> _ABOUT THIS TASK_
Retype only what runs from the beginning of the data through the line with "A young couple"; please omit the pictures and keep every line exact.

> _SUPPLIED MATERIAL_

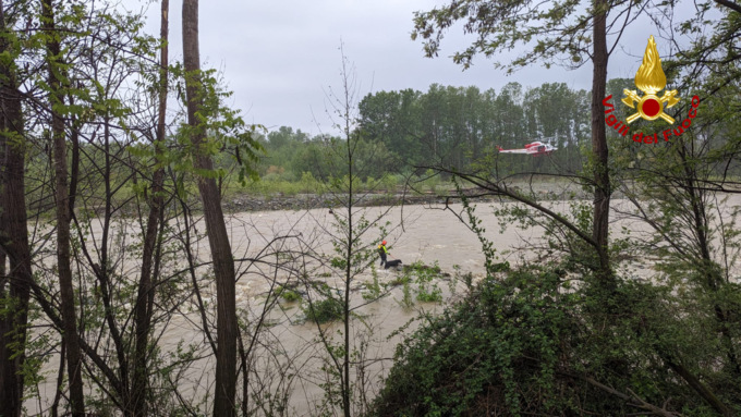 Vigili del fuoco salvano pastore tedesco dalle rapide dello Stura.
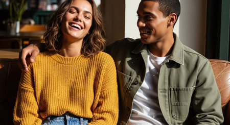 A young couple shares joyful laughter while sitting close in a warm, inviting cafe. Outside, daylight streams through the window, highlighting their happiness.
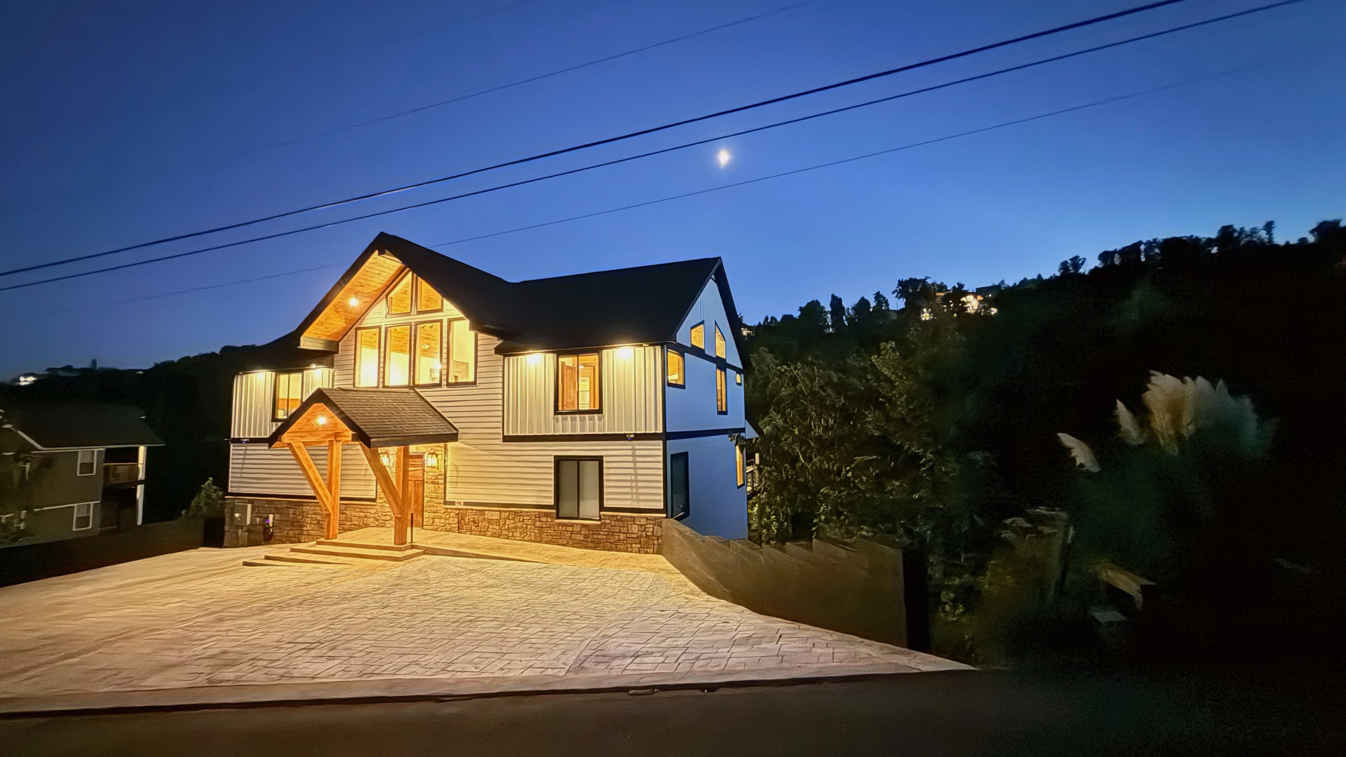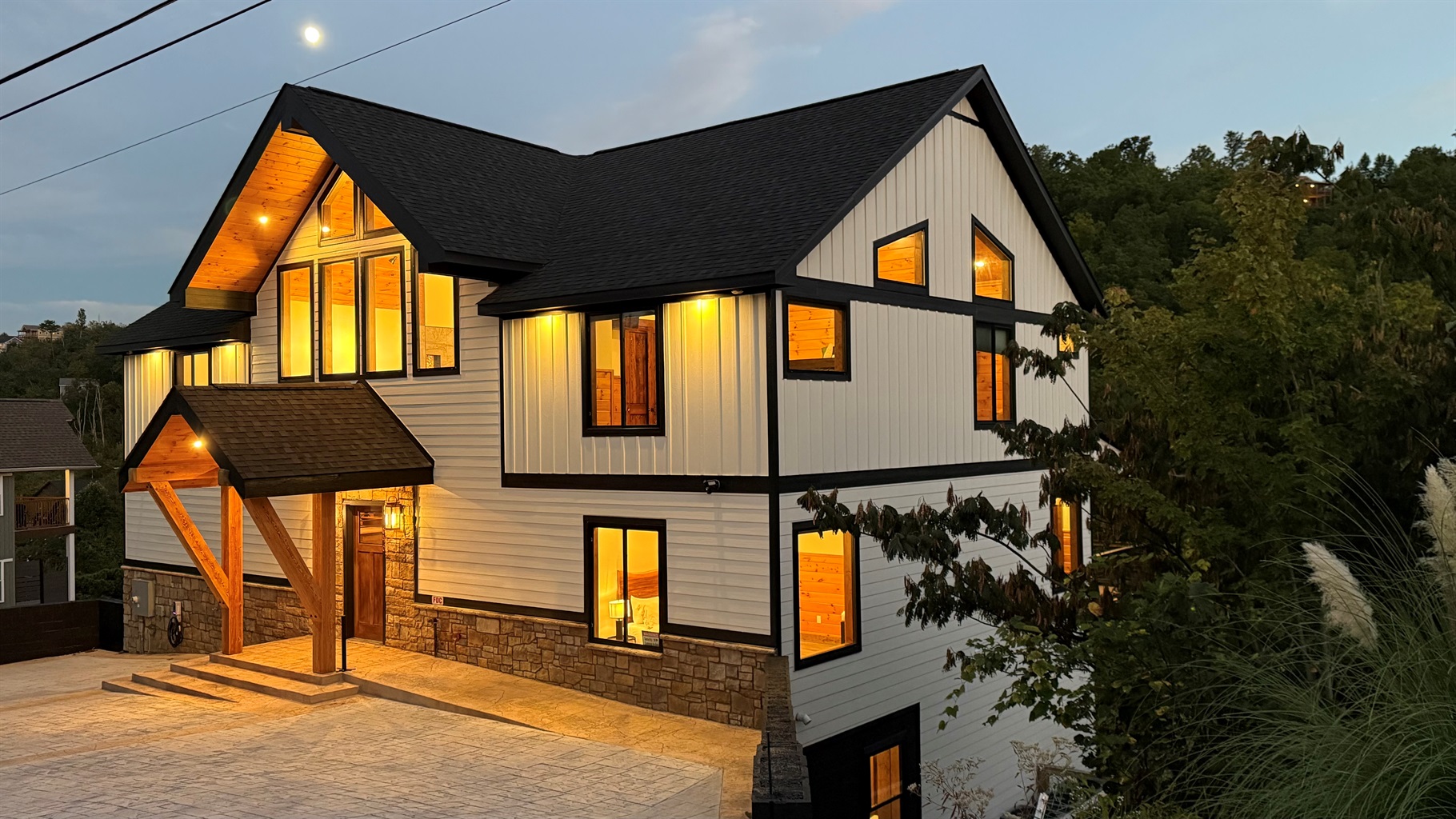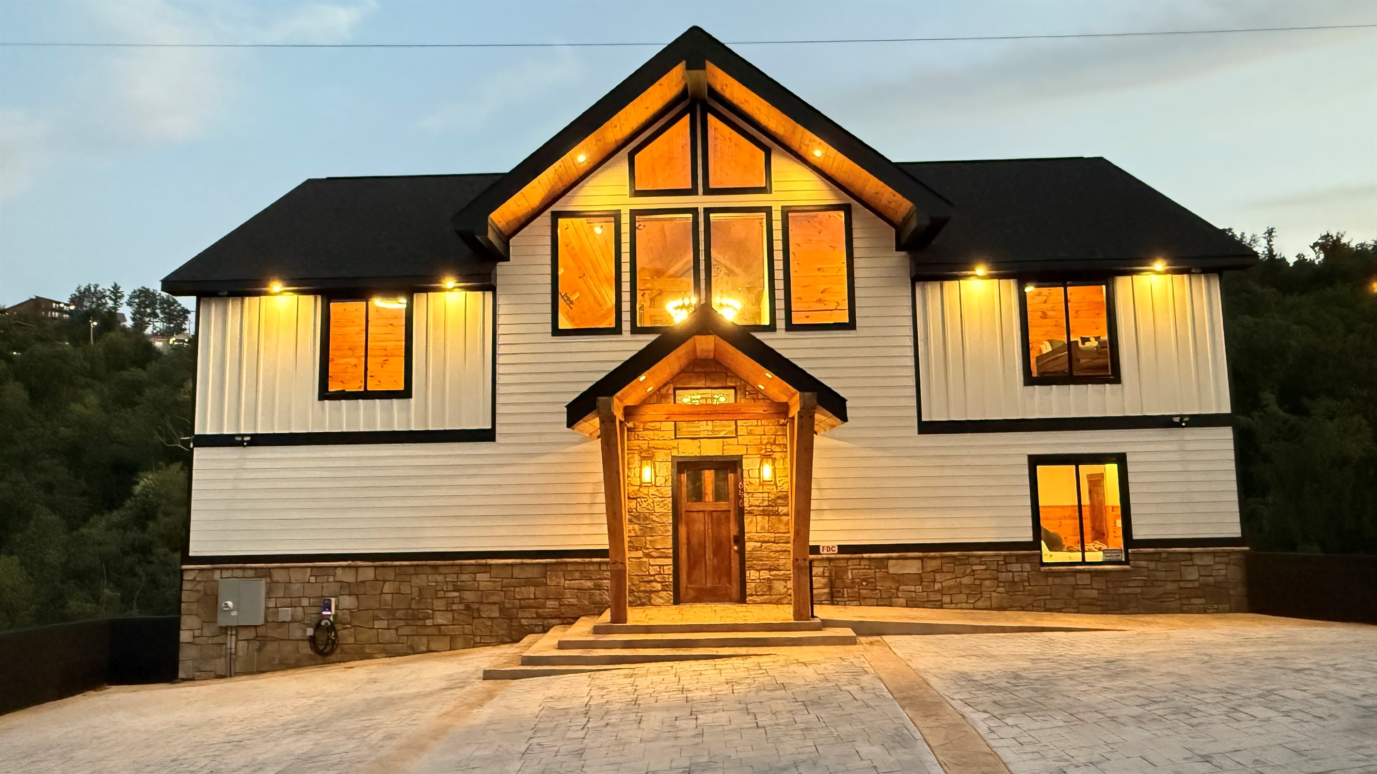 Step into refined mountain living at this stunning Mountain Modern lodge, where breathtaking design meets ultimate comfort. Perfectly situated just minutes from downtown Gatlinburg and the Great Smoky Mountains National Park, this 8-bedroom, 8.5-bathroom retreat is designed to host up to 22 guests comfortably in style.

> _RESPONSE_
 Vigili del fuoco salvano pastore tedesco dalle rapide dello Stura.
 A young couple shares joyful laughter while sitting close in a warm, inviting cafe. Outside, daylight streams through the window, highlighting their happiness.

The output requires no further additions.